• _Task statement_
There should be no pictures in your answer, only an exact copy of the lines from the one with "暑さ厳しい夏の間に、学校周りの草は暑さに負けじと ぐんぐん伸びていました。" through the end of the material.

• _Dataset content_
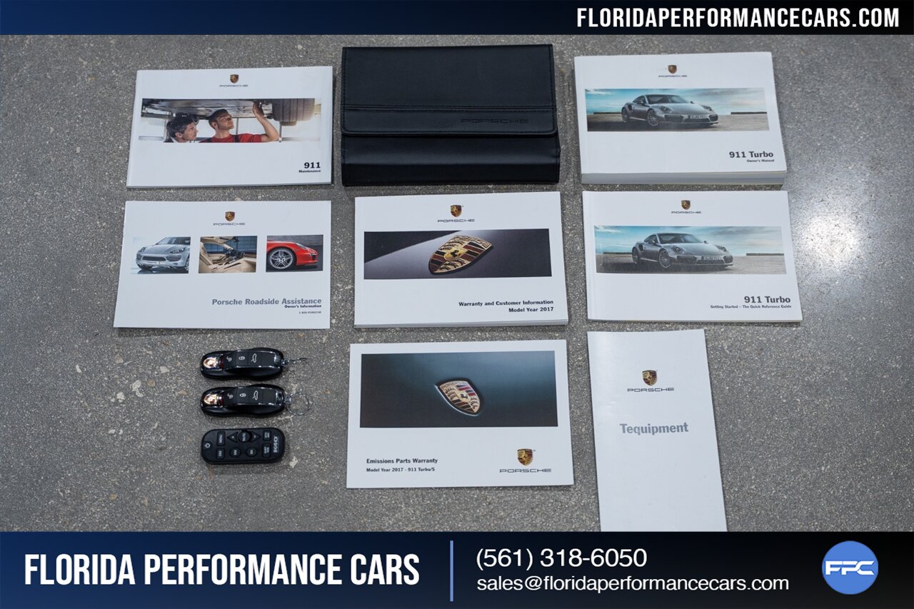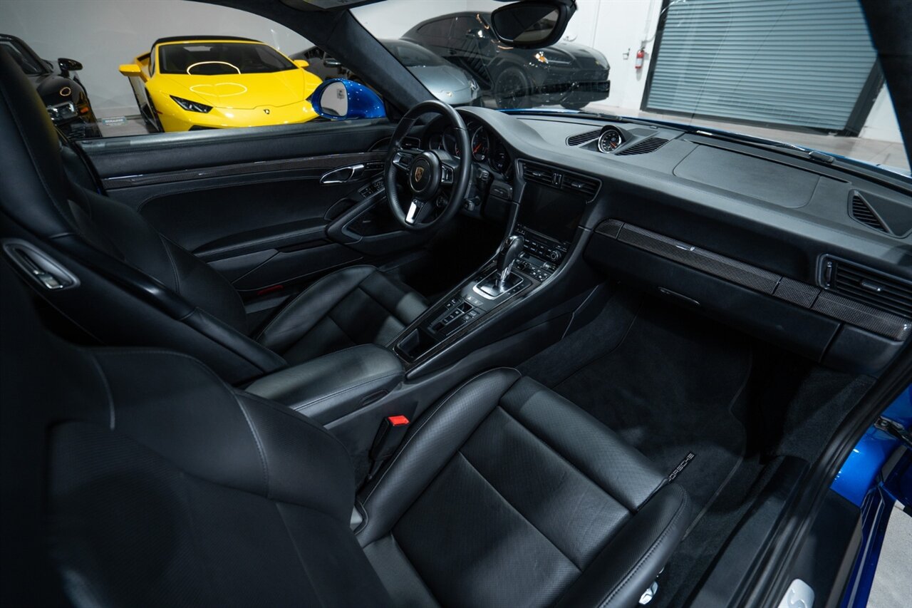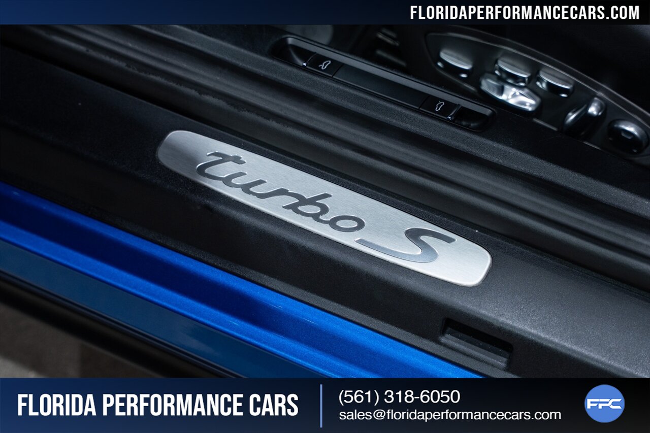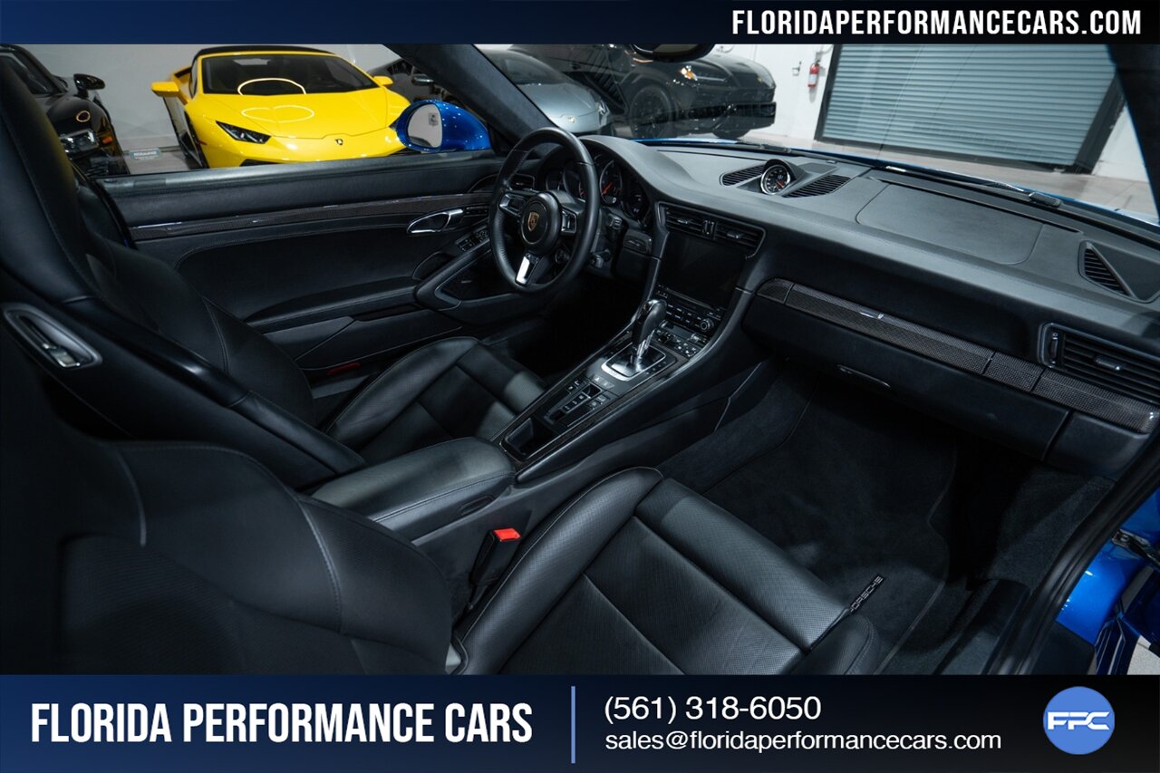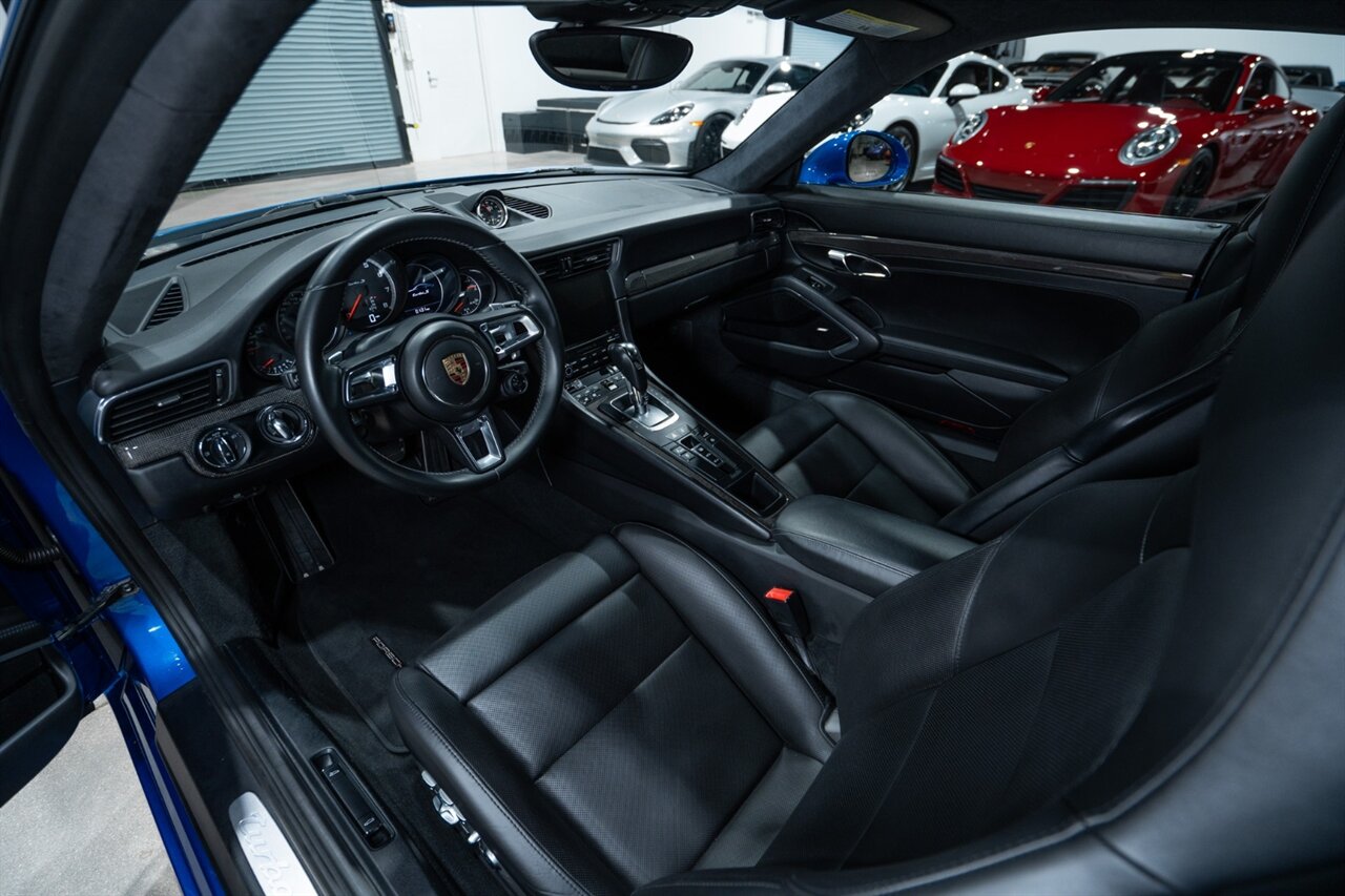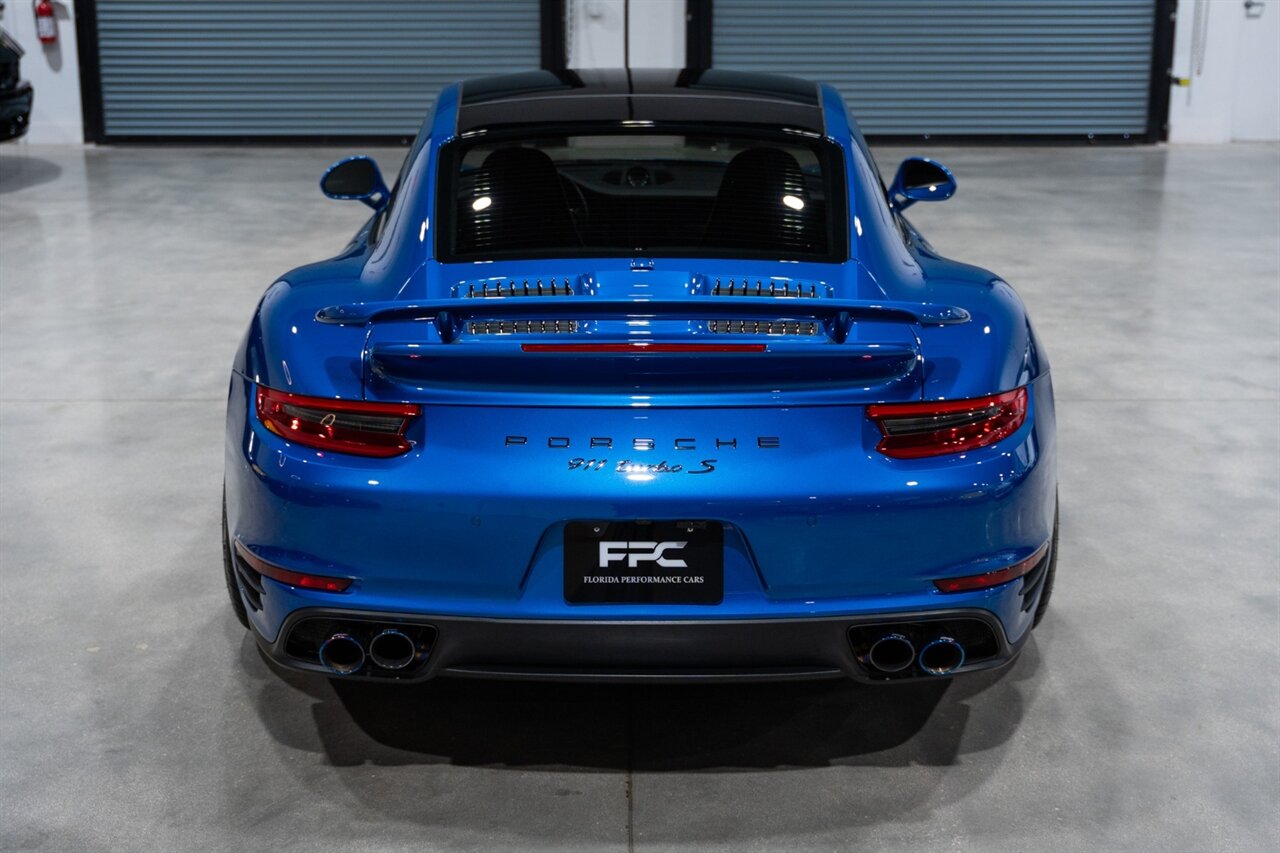 Florida Performance Cars is pleased to announce the arrival of this STUNNING 2017 Porsche 911 Turbo S finished in Sapphire Blue Metallic over Leather Interior in Black w/ Only 30,835 miles. This is a Clean CARFAX, excellent condition and exceptionally well appointed 991.2 Turbo S Coupe.
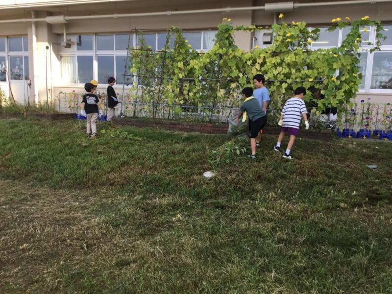 暑さ厳しい夏の間に、学校周りの草は暑さに負けじと ぐんぐん伸びていました。
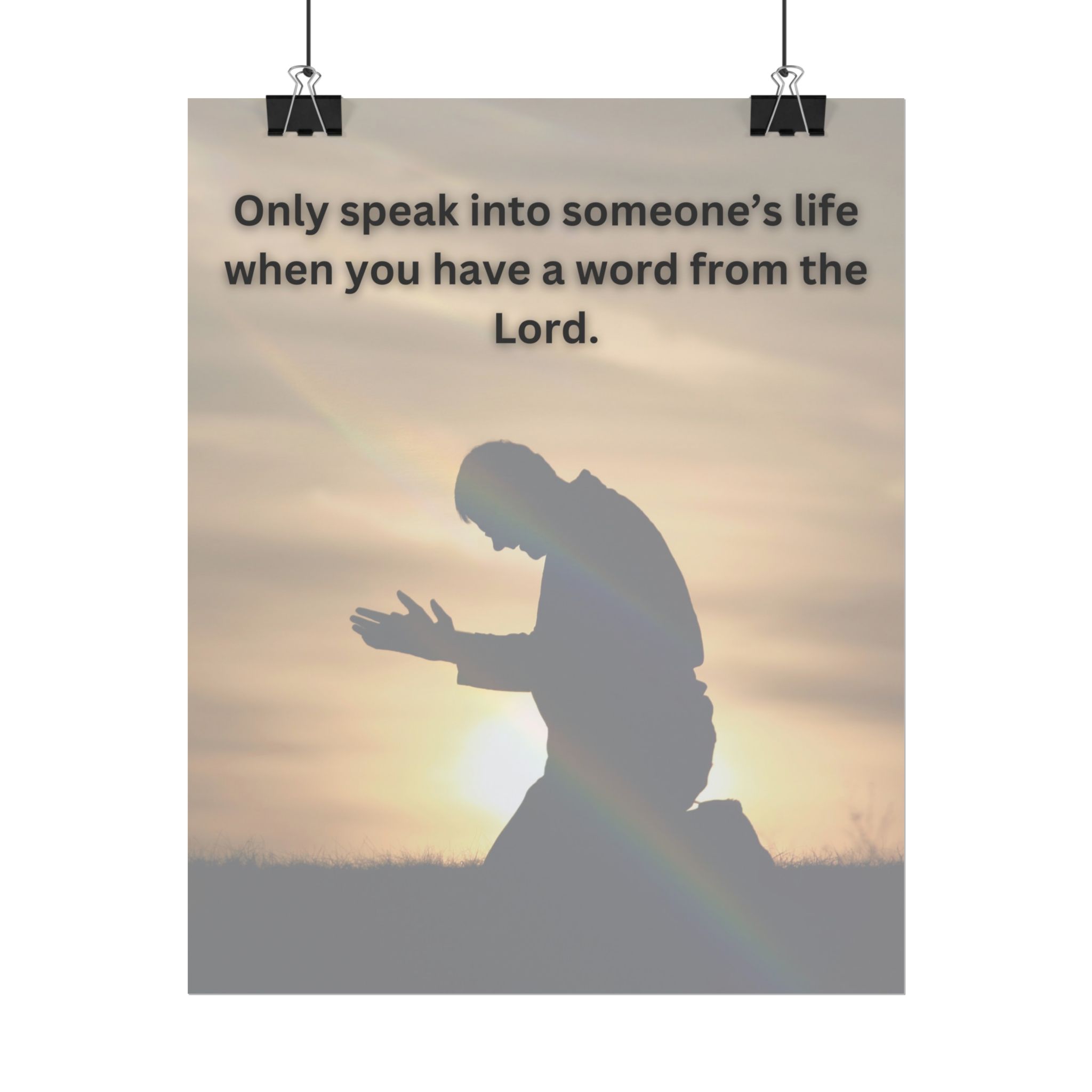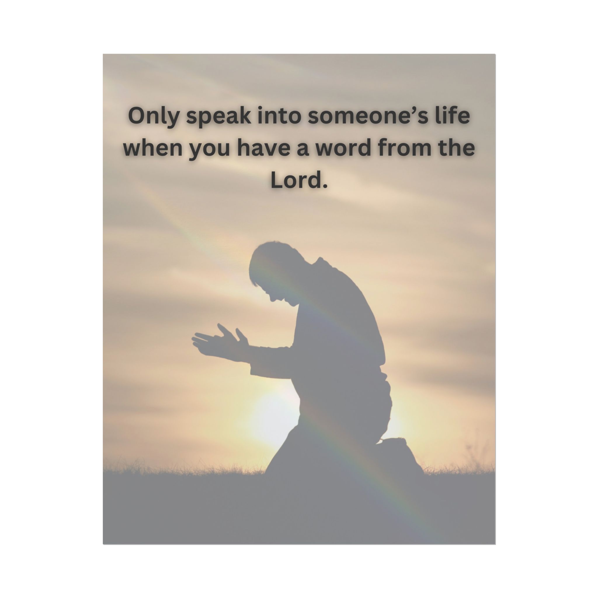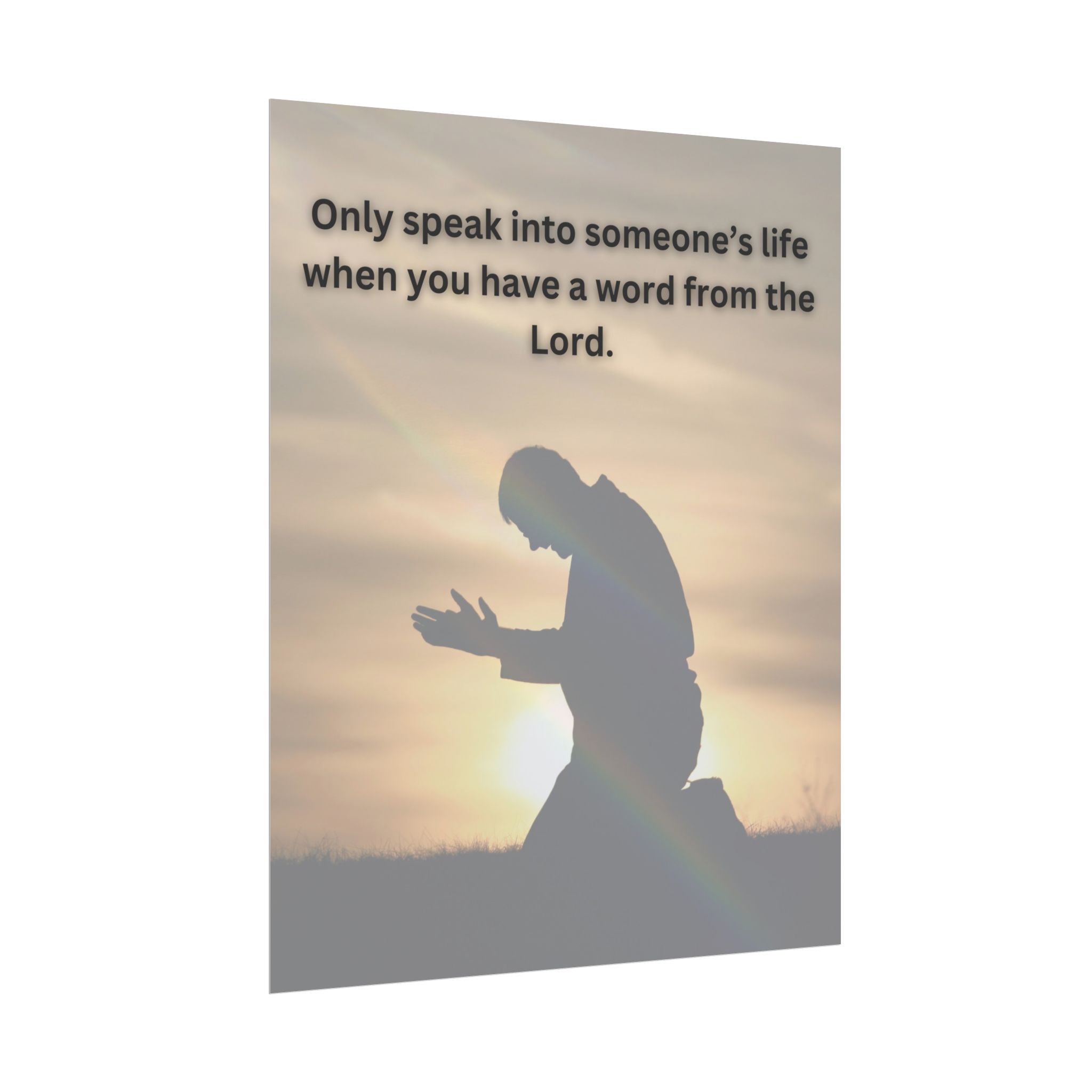 In a world full of quick opinions and noiseless counsel, this poster invites a return to reverence. The image of a kneeling figure at sunrise captures the posture from which true guidance flows — humility, listening, and surrender.

• _Result of this task_
 暑さ厳しい夏の間に、学校周りの草は暑さに負けじと ぐんぐん伸びていました。
 In a world full of quick opinions and noiseless counsel, this poster invites a return to reverence. The image of a kneeling figure at sunrise captures the posture from which true guidance flows — humility, listening, and surrender.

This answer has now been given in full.